#### ASSIGNMENT
Wherever the word "your" appears in a line of the data, that line should be copied.

:: PROVIDED DATA ::

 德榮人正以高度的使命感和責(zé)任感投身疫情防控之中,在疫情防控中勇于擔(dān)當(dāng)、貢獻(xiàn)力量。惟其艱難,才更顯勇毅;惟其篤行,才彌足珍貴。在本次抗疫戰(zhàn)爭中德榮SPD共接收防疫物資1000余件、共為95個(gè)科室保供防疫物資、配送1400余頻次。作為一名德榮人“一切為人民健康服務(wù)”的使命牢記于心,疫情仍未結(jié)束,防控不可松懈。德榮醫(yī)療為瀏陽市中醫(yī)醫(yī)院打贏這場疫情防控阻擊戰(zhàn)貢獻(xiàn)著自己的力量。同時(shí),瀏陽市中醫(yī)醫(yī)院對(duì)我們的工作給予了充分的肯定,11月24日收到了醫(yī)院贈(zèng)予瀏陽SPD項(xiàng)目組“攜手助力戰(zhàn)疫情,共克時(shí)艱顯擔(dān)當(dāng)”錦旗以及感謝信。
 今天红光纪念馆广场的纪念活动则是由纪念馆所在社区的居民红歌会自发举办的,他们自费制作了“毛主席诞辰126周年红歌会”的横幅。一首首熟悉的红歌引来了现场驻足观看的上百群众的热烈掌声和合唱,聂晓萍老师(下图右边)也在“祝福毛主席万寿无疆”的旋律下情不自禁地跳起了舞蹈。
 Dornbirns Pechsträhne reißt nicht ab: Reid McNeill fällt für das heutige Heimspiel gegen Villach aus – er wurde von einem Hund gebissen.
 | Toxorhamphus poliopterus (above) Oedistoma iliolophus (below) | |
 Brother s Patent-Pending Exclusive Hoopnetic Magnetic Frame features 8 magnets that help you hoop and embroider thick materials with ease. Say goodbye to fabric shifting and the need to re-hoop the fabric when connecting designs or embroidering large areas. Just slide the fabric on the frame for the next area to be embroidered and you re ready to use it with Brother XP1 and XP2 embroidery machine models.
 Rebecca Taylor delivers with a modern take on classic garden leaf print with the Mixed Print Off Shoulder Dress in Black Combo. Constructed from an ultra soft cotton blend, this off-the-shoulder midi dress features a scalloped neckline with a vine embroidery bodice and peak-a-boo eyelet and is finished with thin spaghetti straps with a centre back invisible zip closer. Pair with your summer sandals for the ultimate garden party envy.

:::
:: PROVIDED DATA ::

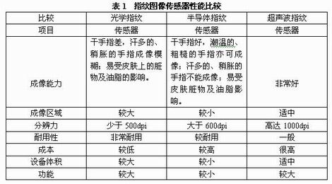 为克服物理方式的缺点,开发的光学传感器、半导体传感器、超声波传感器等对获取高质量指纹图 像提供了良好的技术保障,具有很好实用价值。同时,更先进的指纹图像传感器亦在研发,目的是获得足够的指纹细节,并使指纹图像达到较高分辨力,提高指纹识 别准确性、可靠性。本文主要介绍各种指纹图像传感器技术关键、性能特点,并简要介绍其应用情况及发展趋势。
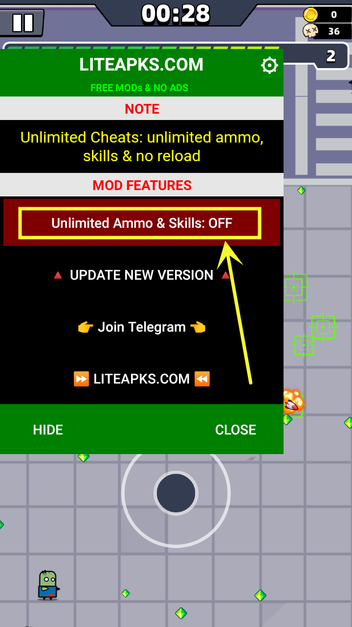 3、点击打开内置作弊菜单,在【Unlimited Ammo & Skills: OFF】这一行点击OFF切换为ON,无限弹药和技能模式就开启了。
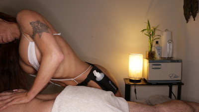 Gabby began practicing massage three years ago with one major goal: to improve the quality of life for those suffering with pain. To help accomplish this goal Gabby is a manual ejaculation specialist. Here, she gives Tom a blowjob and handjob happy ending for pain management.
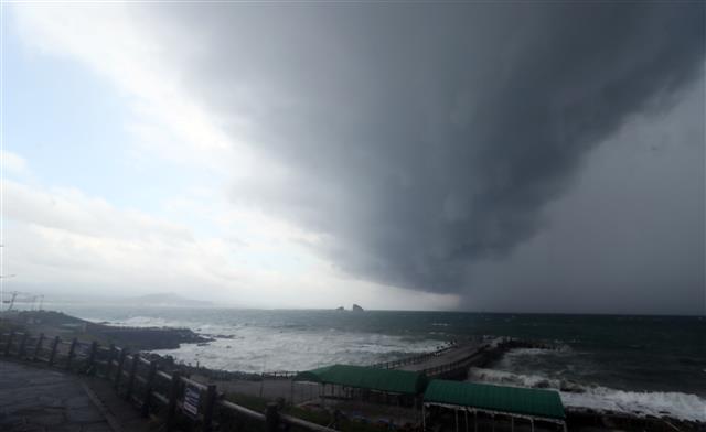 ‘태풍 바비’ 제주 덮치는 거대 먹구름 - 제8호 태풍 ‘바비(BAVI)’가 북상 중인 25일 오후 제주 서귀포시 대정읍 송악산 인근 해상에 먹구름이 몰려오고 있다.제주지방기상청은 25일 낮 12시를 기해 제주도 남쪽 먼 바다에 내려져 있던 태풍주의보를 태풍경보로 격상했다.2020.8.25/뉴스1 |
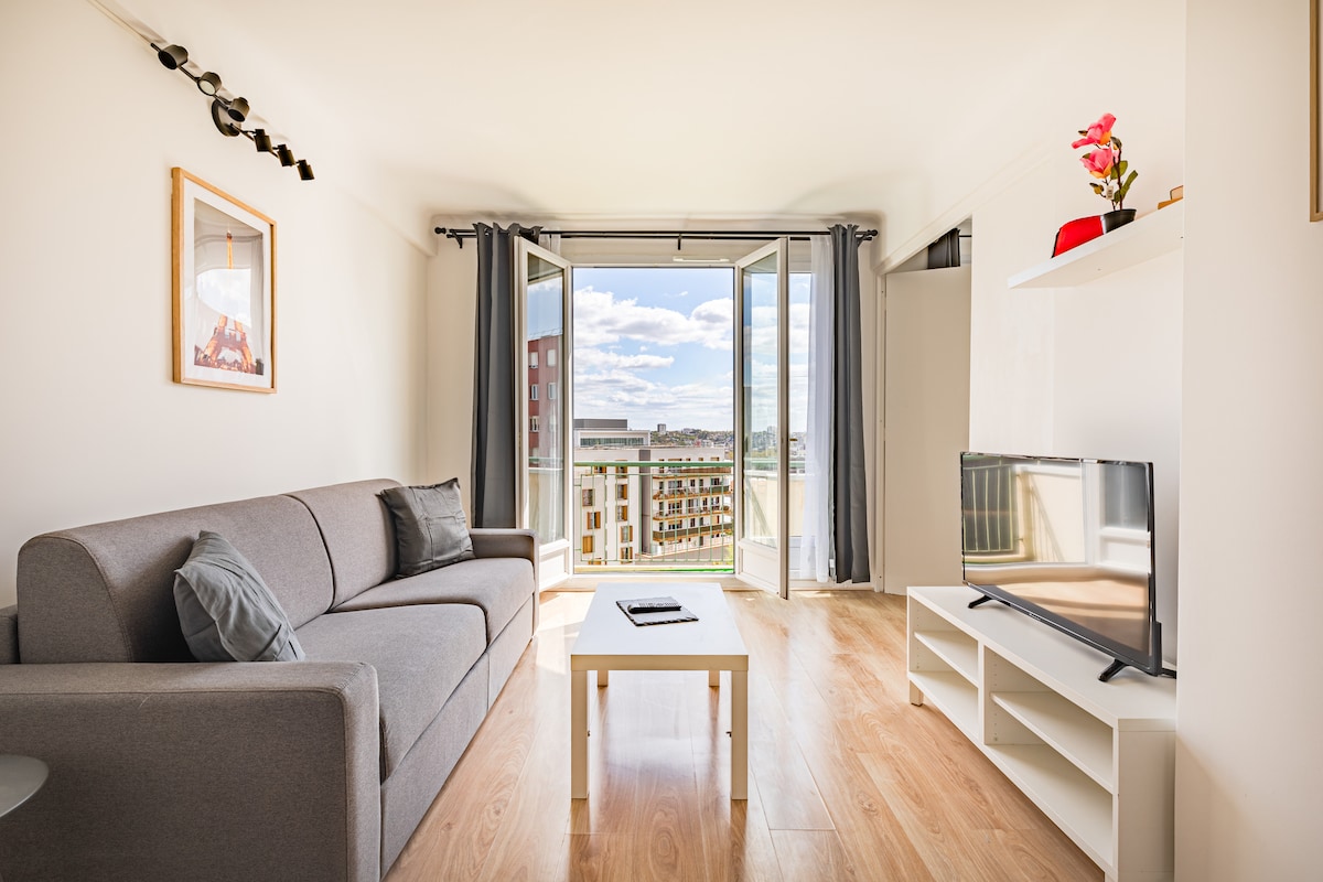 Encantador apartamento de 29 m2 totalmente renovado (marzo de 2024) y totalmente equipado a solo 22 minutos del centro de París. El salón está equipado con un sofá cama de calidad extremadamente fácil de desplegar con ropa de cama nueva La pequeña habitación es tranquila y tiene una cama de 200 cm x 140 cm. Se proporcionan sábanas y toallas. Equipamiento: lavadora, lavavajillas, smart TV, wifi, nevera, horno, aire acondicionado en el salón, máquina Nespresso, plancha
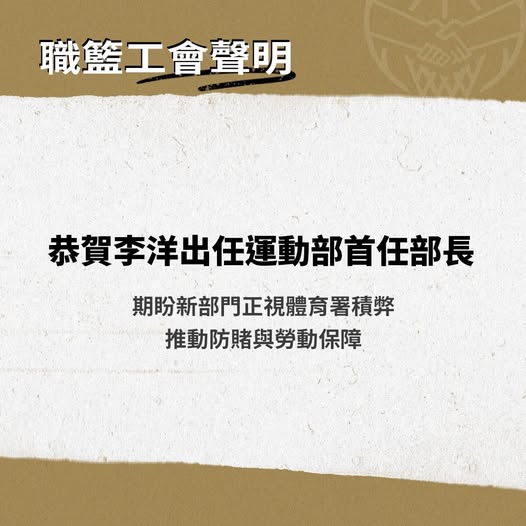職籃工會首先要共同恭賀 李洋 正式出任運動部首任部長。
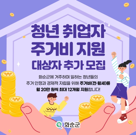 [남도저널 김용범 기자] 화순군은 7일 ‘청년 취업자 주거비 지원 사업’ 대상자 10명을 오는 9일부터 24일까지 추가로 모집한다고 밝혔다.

:::
:: PROVIDED DATA ::

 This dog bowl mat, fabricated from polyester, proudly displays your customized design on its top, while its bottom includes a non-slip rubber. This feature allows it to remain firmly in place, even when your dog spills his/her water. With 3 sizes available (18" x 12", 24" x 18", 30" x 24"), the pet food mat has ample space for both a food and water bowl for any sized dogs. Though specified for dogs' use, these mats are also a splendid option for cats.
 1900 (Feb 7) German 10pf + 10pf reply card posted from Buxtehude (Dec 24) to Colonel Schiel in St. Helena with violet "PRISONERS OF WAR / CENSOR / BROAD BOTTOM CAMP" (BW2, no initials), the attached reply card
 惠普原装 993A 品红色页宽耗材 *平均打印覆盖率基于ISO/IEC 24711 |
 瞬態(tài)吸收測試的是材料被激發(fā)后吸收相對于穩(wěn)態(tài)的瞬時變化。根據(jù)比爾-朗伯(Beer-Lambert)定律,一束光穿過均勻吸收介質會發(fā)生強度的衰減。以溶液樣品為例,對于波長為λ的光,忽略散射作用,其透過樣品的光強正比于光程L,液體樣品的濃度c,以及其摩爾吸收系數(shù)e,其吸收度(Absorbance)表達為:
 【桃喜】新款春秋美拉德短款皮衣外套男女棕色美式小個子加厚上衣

:::

#### RESPONSE AREA
 Rebecca Taylor delivers with a modern take on classic garden leaf print with the Mixed Print Off Shoulder Dress in Black Combo. Constructed from an ultra soft cotton blend, this off-the-shoulder midi dress features a scalloped neckline with a vine embroidery bodice and peak-a-boo eyelet and is finished with thin spaghetti straps with a centre back invisible zip closer. Pair with your summer sandals for the ultimate garden party envy.
 This dog bowl mat, fabricated from polyester, proudly displays your customized design on its top, while its bottom includes a non-slip rubber. This feature allows it to remain firmly in place, even when your dog spills his/her water. With 3 sizes available (18" x 12", 24" x 18", 30" x 24"), the pet food mat has ample space for both a food and water bowl for any sized dogs. Though specified for dogs' use, these mats are also a splendid option for cats.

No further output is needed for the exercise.